В этот момент к нам в шатер заглянул адъютант Сержа и сказал, чтобы мы собирались. Через час придет борт из Константинополя. Выгрузив здесь все необходимые грузы для миссии Югороссии, на обратном пути он заберет всех нас, то есть семью Мак-Нейлов, Энн, Сержа с адъютантом, а также меня, Фредди, Минни и наших малюток. Получается прямо какой-то летающий Ноев ковчег. Кстати, Роберту Мак-Нейлу пап а прямо на вокзале вручил солдатский Георгиевский крест за храбрость.

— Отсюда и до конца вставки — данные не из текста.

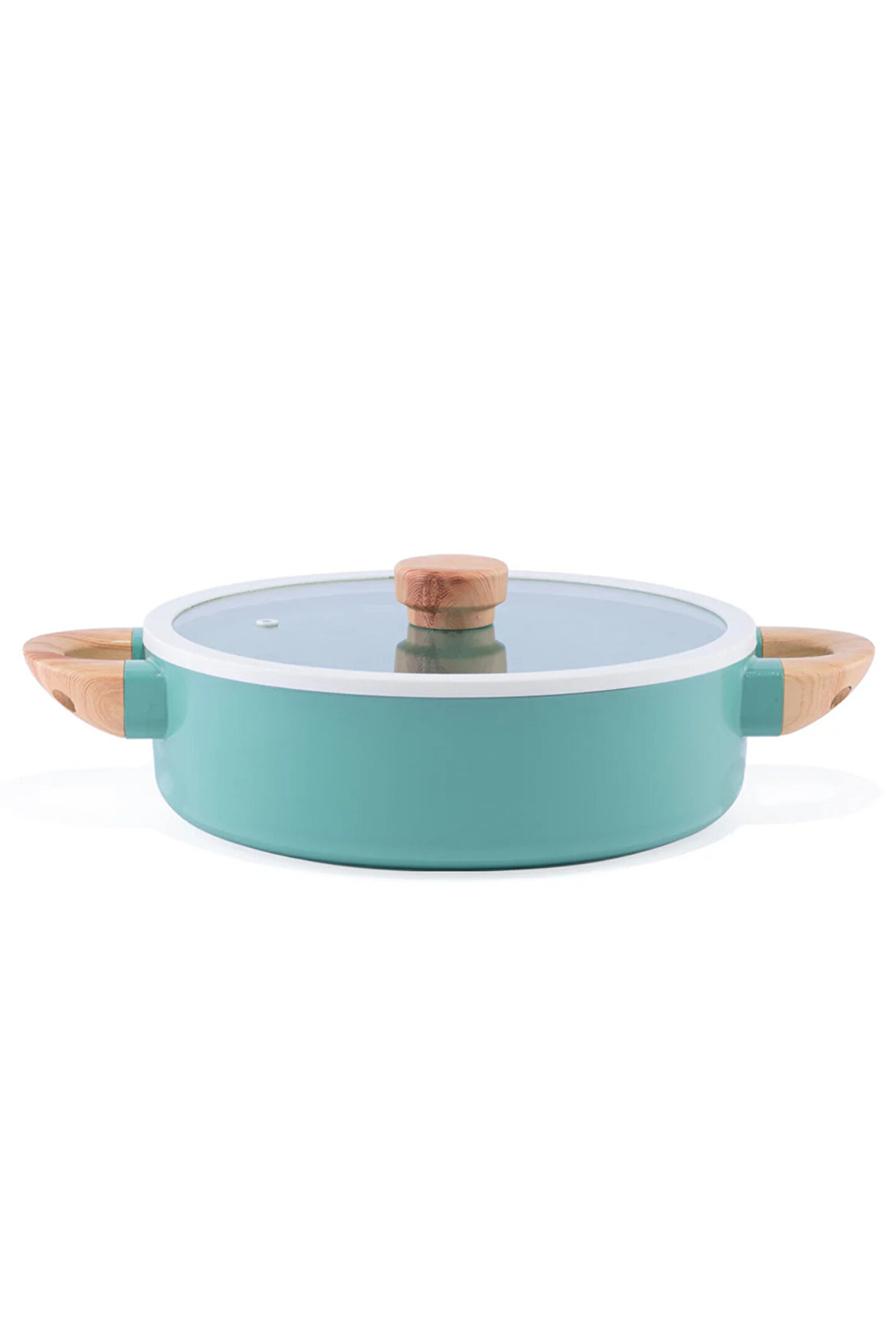 Canlı rengi, parlak dokusu ve yüksek performanslı yapısıyla Linda Tencere Serisi, mutfakta hem şıklığı hem sağlıklı pişirme deneyimini bir araya getiriyor.Dayanıklı alüminyum döküm gövdesi, ısıyı eşit dağıtarak yemeklerin içten dışa dengeli pişmesini sağlarken; doğal seramik kaplaması sayesinde daha az yağ ile yapışmadan pişirme imkânı sunar. Ahşap görünümlü bakalit sapları, modern görünümün yanında güvenli ve konforlu tutuş sağlar. Şeffaf cam kapakları sayesinde pişirme sürecini kolayca kontrol edebilirsiniz.

Я думала, что наше путешествие на подлодке было самым невероятным чудом. Так вот, я ошибалась. Полет на вертолете далеко превзошел все впечатления от подводного путешествия. Мы поднялись на высоту больше четырех верст, мои крошки визжали, сначала от страха, потом от восторга. Минни сидела, вцепившись в сиденье побелевшими от напряжения пальцами, двухлетняя Ксения мирно посапывала на руках у няни, а сыновья Минни, девятилетний Николай и шестилетний Георгий, приникли к иллюминаторам, расплющив носы о стекло.
А посмотреть было на что. Больше нигде ни за какие деньги никакие царственные особы не смогут увидеть то, что довелось увидеть нам. Мак-Нейлы и Энн изо всех сил старались сохранять выдержку и невозмутимость. Лишь Серж и Фредди имели вид бывалых путешественников и знатоков. Когда Минни затошнило, мой муж галантно подал ей специальный бумажный пакет. Закат застал нас на полпути, прямо над горами. Удивительнейшее зрелище, ни один художник не придумает такого буйного сочетания красок и форм. Даже Минни отвлеклась от своих страданий и с интересом стала смотреть в иллюминатор.
В Константинополь мы прибыли уже в полной темноте. Набежавшая обслуга похватала наши вещи, крошек и нас с Минни и Фредди и препроводила всех в апартаменты. Серж, наскоро попрощавшись, сказал, что у него срочные дела… Знаем мы эти дела.
Семью Мак-Нейла люди в военной форме проводили в госпиталь, а Энн пока осталась при мне – поручик Бесоев еще не прибыл со своего задания. Правда, сразу же после приземления один из сослуживцев поручика передал Энн от него подарок – пару серег и колье, сказав, что это только задаток – подарок от братьев по оружию. А кольцо из этого комплекта поручик по возвращении хочет вручить сам. Надо было видеть счастливые глаза моей милой Энн.
Уставшие и совершенно разбитые, мы кое-как умылись и тут же повалились на мягкие перины, оставив все дела на завтра. Недаром ведь говорят, что утро вечера мудренее…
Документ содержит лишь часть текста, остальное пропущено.